### EXERCISE DETAILS
Set every entry down again, unchanged, picture-free.

### DATA PROVIDED
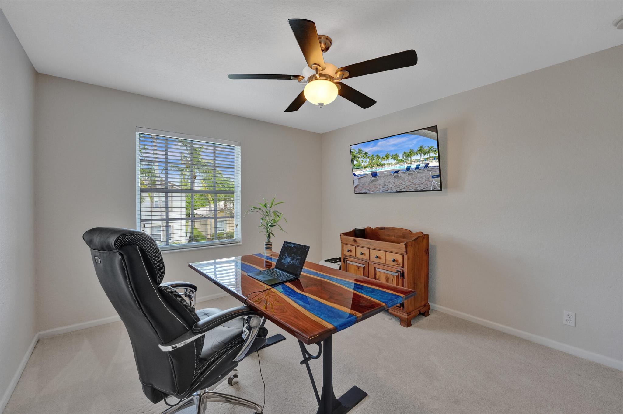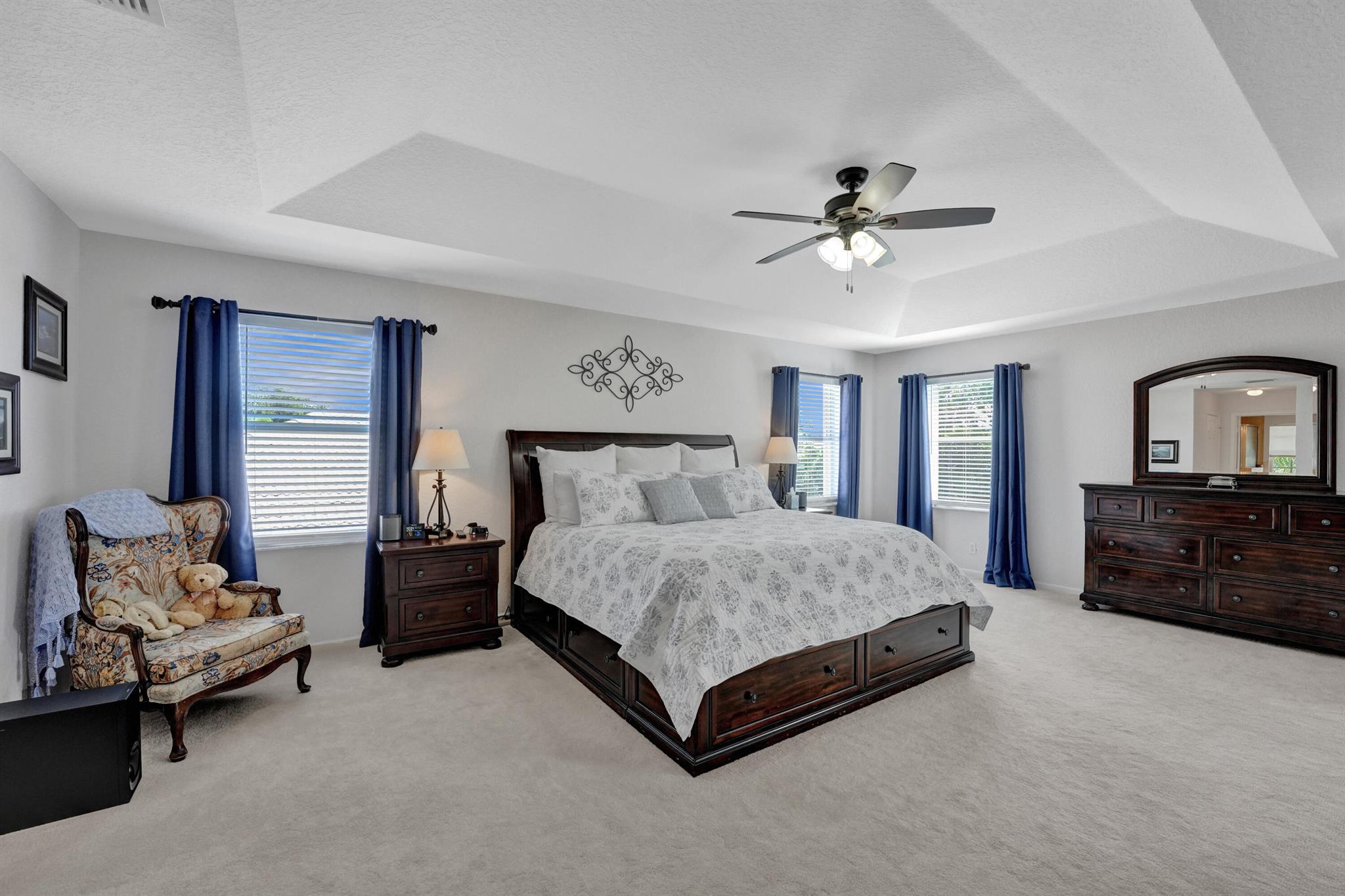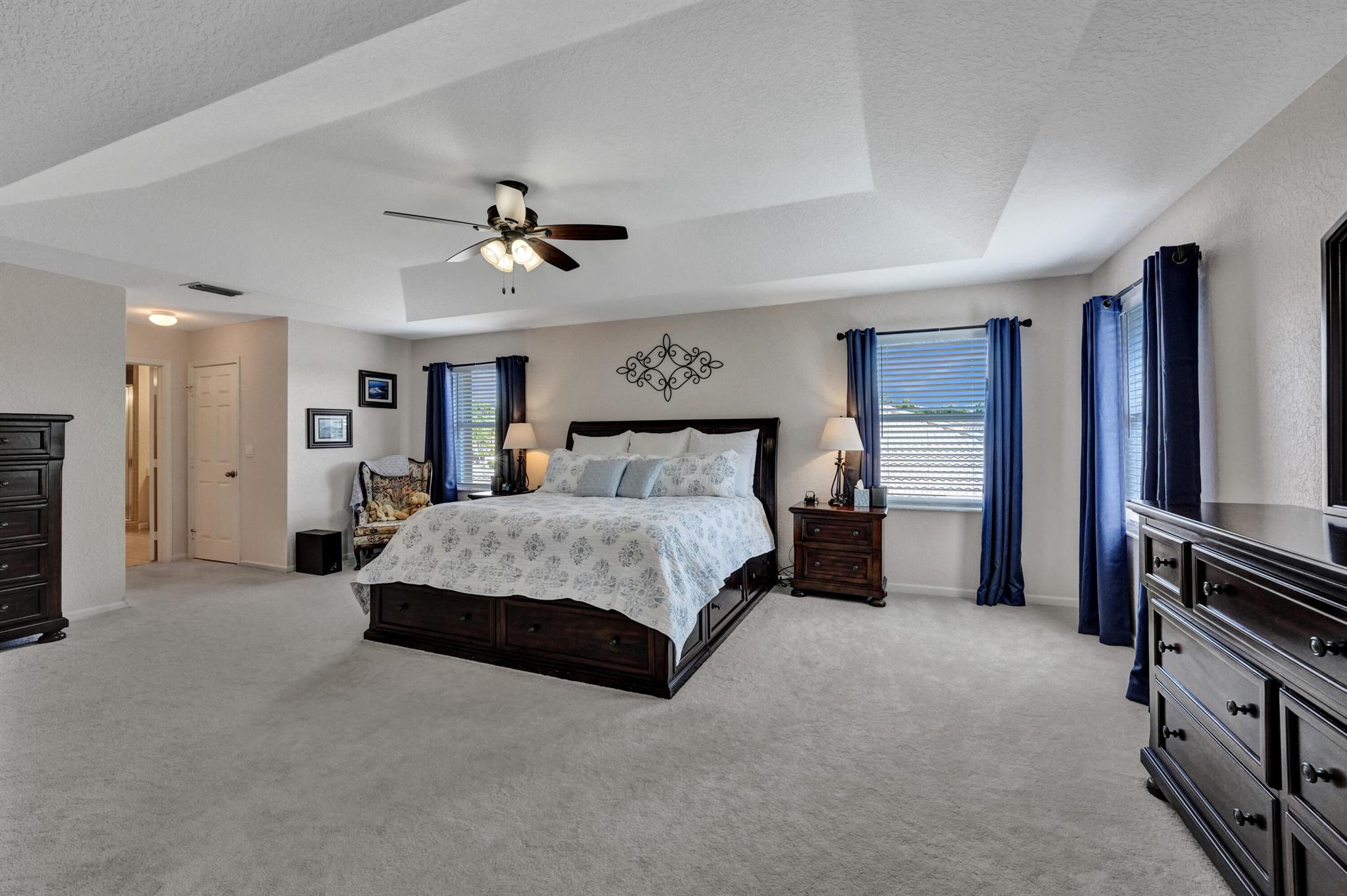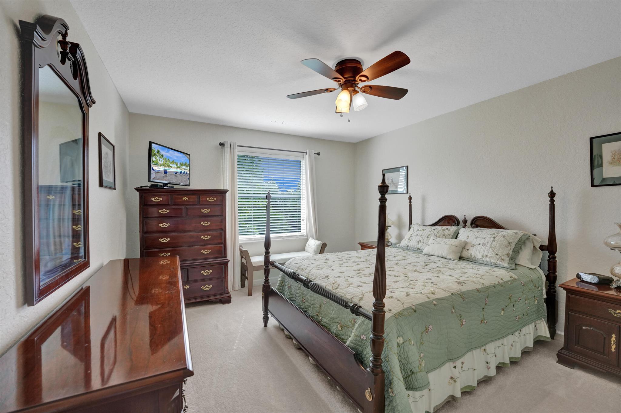 Spacious 4 bedroom (plus office/den), 3.5 bathroom home with an expansive backyard view. Enjoy the upgraded & upscale eat-in kitchen featuring newer stainless-steel appliances, striking white cabinets & quartz countertops. Great floor plan that easily flows from room to room for entertaining and easy living. Large undercover & screened-in patio overlooks an expansive & private backyard. Upstairs, you'll find a split bedroom floor plan with an amazing master bedroom suite that features a comfortable en-suite bathroom as well as an adjacent den/office/nursery room that could be used as a 5th bedroom. Other features include an ensuite guest bedroom, paver driveway, room for a pool & accordion shutters. At price, this move-in-ready home comes with a 1-year American Home Shield home warranty..
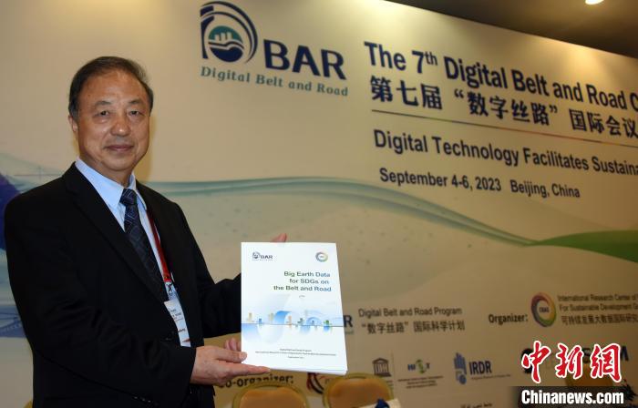 9月4日,第七屆“數字絲路”國際會議在北京開幕,DBAR主席郭華東院士展示當天最新發布的《地球大數據助力“一帶一路”可持續發展》報告。中新網記者 孫自法 攝
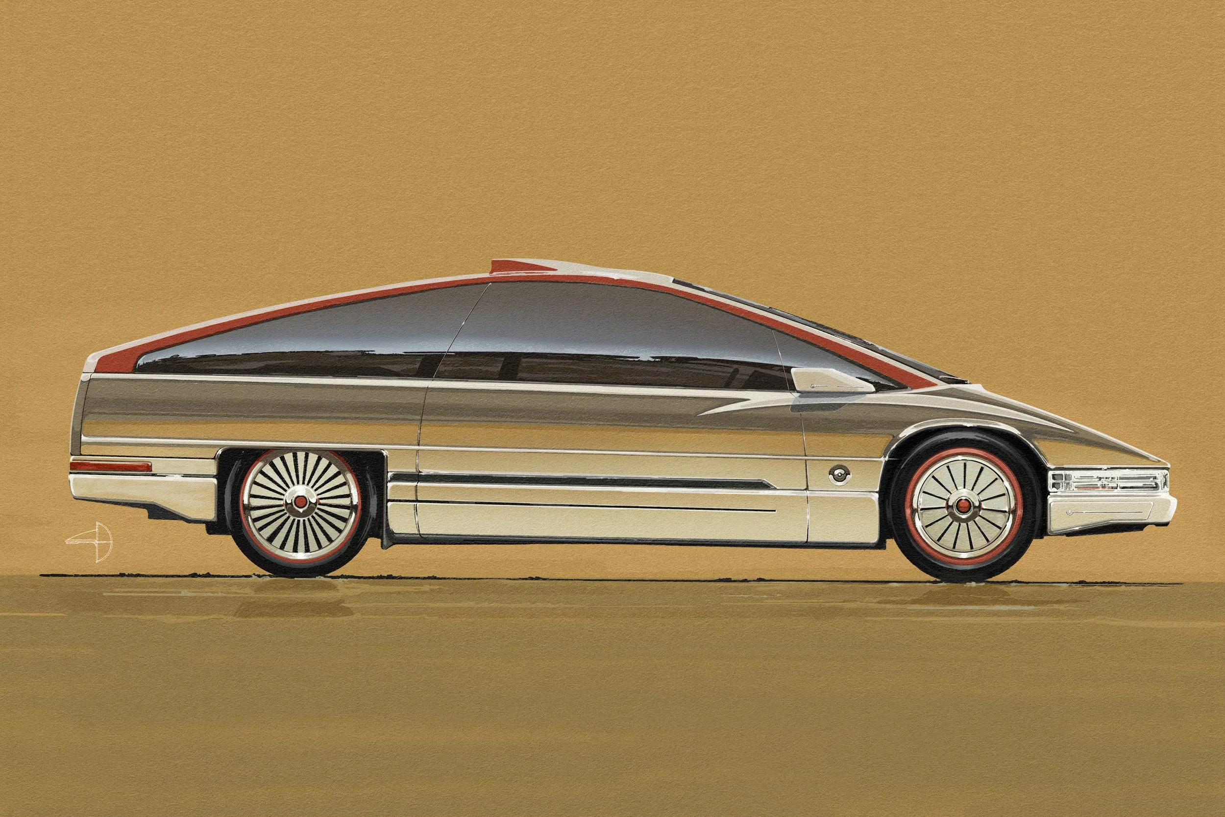 Citrine Drive is my take on a future Grand Tourer, fully electric, but with a soul rooted in vintage metal. Think ‘70s–‘90s GM vibes, short hood, flared arches, a streamliner-style glasshouse, and that yacht-like flow. I call it a “Grand Hatchback” it nods to practical icons like the Citroen DS, Lancia Gamma, and even the Ca- dillac Voyage, Sitrine or Syd’s Singer which genuinely inspired me. To me, it’s a “Past-Modern” tribute to versatile design.
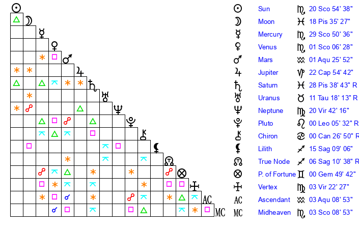 | Sun | 20 Scorpio 54 | 21 Scorpio 34 | 20 Aquarius 18 |
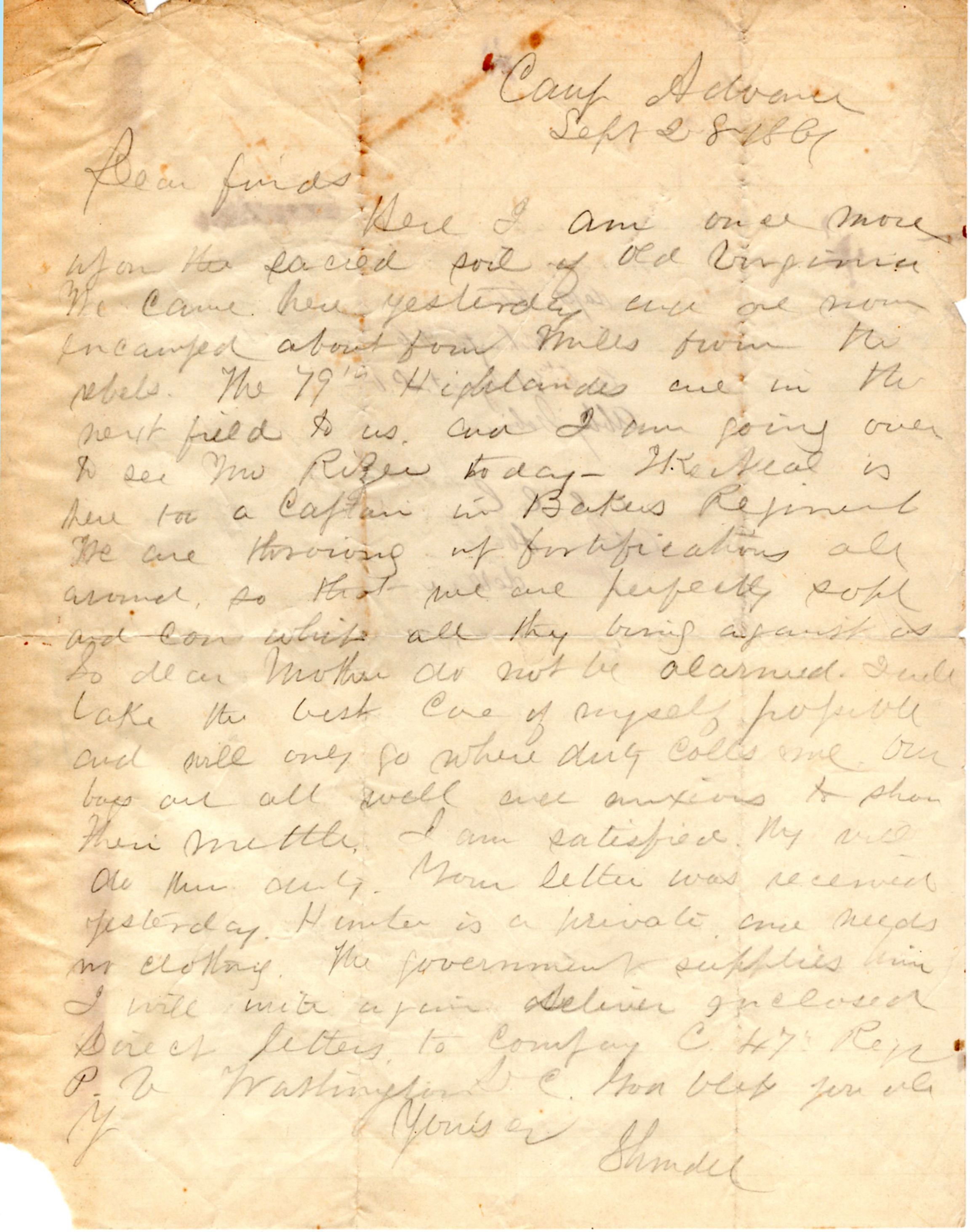 1861-09-28 J.P. Shindel Gobin from Camp Advance
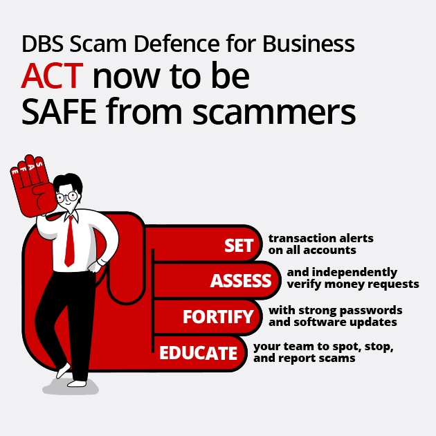 Your security is our priority. DBS Scam Defence is our multi-layered approach to protecting you and your business against scammers. From security features to regular updates and 24/7 support, we help your business bank safer.
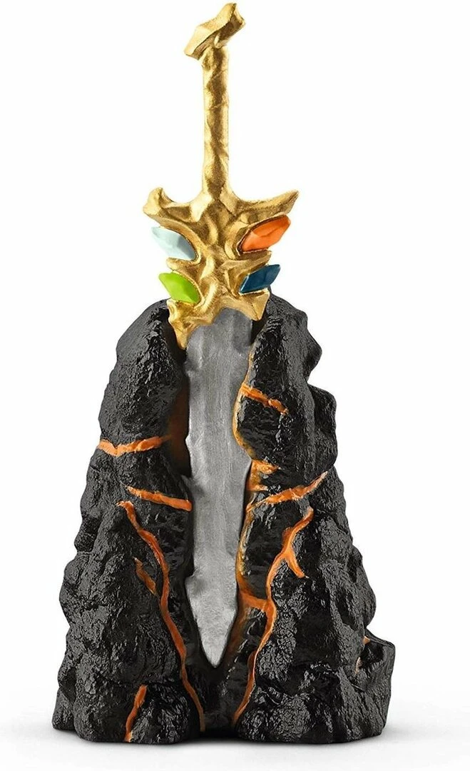Het Schleich superzwaard zit in een lavarots, maar deze kan er uit zodat de speelbeleving nog echter wordt.
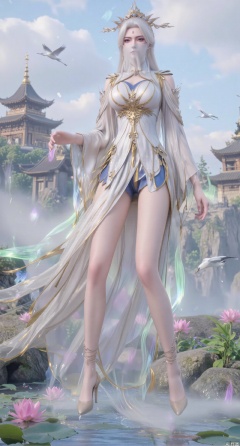 SFW,(masterpiece:1.2),best quality,1girl,solo,long hair,long dress,celestial maiden in flowing tulle gown levitates above lotus pond, ethereal mist trails from hair ribbons, mythical Penglai paradise emerges through clouds with glowing pavilions, translucent bioluminescent lotus blooms, flock of cranes gliding over water surface, ultra HD with soft 3D rendering, morning light filters through mist, falling petal rain, intricate details on scale-patterned fabric and lotus veins.(huge breasts:2.99),(full breasts:2.99),XanmiaoyiY,XhuolingerHHY,XwangqiuerKQW,Xxuenv,Xnanqiuqiu,Xhuangnv,XchuxuanerX,XchuxuanerXY
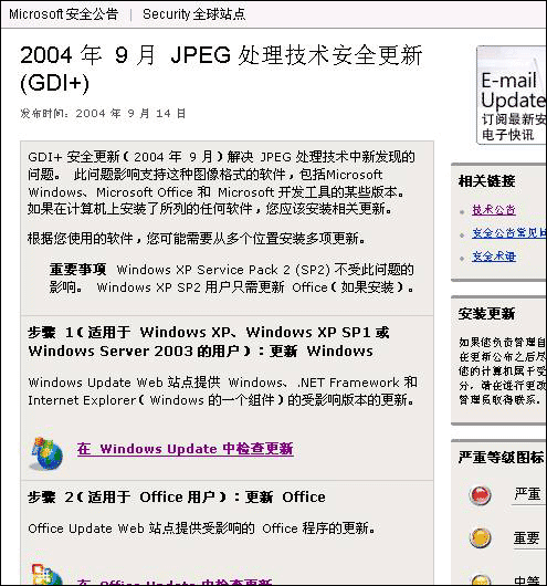 http://www.microsoft.com/china/security/Bulletins/200409_jpeg.mspx页面中选择“在Office Update中检查更新”

### RESULT
 Spacious 4 bedroom (plus office/den), 3.5 bathroom home with an expansive backyard view. Enjoy the upgraded & upscale eat-in kitchen featuring newer stainless-steel appliances, striking white cabinets & quartz countertops. Great floor plan that easily flows from room to room for entertaining and easy living. Large undercover & screened-in patio overlooks an expansive & private backyard. Upstairs, you'll find a split bedroom floor plan with an amazing master bedroom suite that features a comfortable en-suite bathroom as well as an adjacent den/office/nursery room that could be used as a 5th bedroom. Other features include an ensuite guest bedroom, paver driveway, room for a pool & accordion shutters. At price, this move-in-ready home comes with a 1-year American Home Shield home warranty..
 9月4日,第七屆“數字絲路”國際會議在北京開幕,DBAR主席郭華東院士展示當天最新發布的《地球大數據助力“一帶一路”可持續發展》報告。中新網記者 孫自法 攝
 Citrine Drive is my take on a future Grand Tourer, fully electric, but with a soul rooted in vintage metal. Think ‘70s–‘90s GM vibes, short hood, flared arches, a streamliner-style glasshouse, and that yacht-like flow. I call it a “Grand Hatchback” it nods to practical icons like the Citroen DS, Lancia Gamma, and even the Ca- dillac Voyage, Sitrine or Syd’s Singer which genuinely inspired me. To me, it’s a “Past-Modern” tribute to versatile design.
 | Sun | 20 Scorpio 54 | 21 Scorpio 34 | 20 Aquarius 18 |
 1861-09-28 J.P. Shindel Gobin from Camp Advance
 Your security is our priority. DBS Scam Defence is our multi-layered approach to protecting you and your business against scammers. From security features to regular updates and 24/7 support, we help your business bank safer.
Het Schleich superzwaard zit in een lavarots, maar deze kan er uit zodat de speelbeleving nog echter wordt.
 SFW,(masterpiece:1.2),best quality,1girl,solo,long hair,long dress,celestial maiden in flowing tulle gown levitates above lotus pond, ethereal mist trails from hair ribbons, mythical Penglai paradise emerges through clouds with glowing pavilions, translucent bioluminescent lotus blooms, flock of cranes gliding over water surface, ultra HD with soft 3D rendering, morning light filters through mist, falling petal rain, intricate details on scale-patterned fabric and lotus veins.(huge breasts:2.99),(full breasts:2.99),XanmiaoyiY,XhuolingerHHY,XwangqiuerKQW,Xxuenv,Xnanqiuqiu,Xhuangnv,XchuxuanerX,XchuxuanerXY
 http://www.microsoft.com/china/security/Bulletins/200409_jpeg.mspx页面中选择“在Office Update中检查更新”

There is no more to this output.